Convection Ovens Make Cooking A Joy
Convection ovens heat food from the bottom and the top, but they also have one thing that conventional ovens do not have that makes a huge difference; convection ovens have a fan which circulates the hot air right onto the food.
Convection ovens work differently than their conventional counterparts, where food is heated from the bottom. Convection ovens utilize a fan to circulate hot air throughout the enclosure and around food. Dishes prepared in convection ovens cook faster than in a regular oven because the moving air can surround and penetrate more thoroughly.
Convection ovens have the ability to cook evenly, so bakers can cook more food at the same time. For example, someone with a conventional oven has three racks for holding food. The top rack is close to the heating element at the top of the oven. Similarly, the bottom rack is near the heating element at the bottom of the oven. A third rack in the middle is not near either one and will take longer to cook. If a baker were to arrange French fries in this manner, the fries on top and bottom would be finished cooking before the ones in the middle were even warm.

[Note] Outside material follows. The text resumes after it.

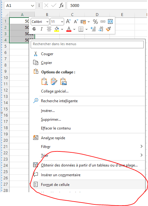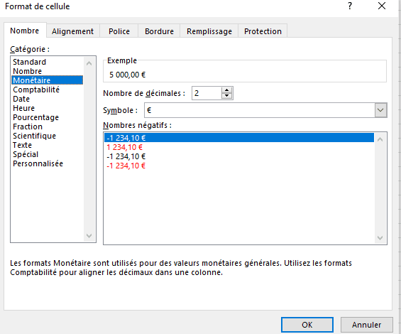 Exemple : Je décide de formater ma série de chiffre en date, je fais une clique droite et je sélectionne « format de cellule » puis je choisis le type de format numérique qui me convient. Je vais choisir le format monétaire en euro.

Another advantage is that the convection ovens circulating heat enables even cooking no matter how much food is in the oven. Dishes can be stacked on oven shelves from top to bottom, so long as an inch or two of space is allowed between pans. The fan ensures that heat will penetrate all levels, where a regular oven will finish the bottom dishes quicker than those on top. Because the built-in fan circulates air, the heat is more evenly distributed. This results are fewer “hot spots” and less turning of baking sheets to ensure uniformity. Even heat also prevents burning and shrinkage of food due to unbalanced loss of moisture.
Because the food is being blown with hot air from the oven’s fan, it will not just cook more evenly, it will also cook faster than in a conventional oven. As the food receives heat from the fan, it creates a chemical reaction within the food which speeds up the cooking process.
The same method of cooking that makes a convection oven attractive to some can be a nuisance to others. Because the built-in fan must rotate to circulate the air, it will also blow any lighter objects in the oven. If parchment paper or foil are not properly secured or weighed down, they can loosen from a pan and waft throughout the oven. Not only can this irritate the chef and prevent proper cooking, but it can also be a fire hazard.
Also, for those unfamiliar with cooking in a convection oven, the method can be a tough adjustment. Typically, a convection oven guide will advise a 25 percent lower temperature and shorter cooking time as compared to regular oven recommendations. For cooks used to a regular oven approach, some experimentation may become necessary before becoming accustomed to convection ovens.
There is nothing as satisfying as being able to produce restaurant quality meals from a home kitchen. A convection oven can change the experience that a family is having with food and turn them into foodies.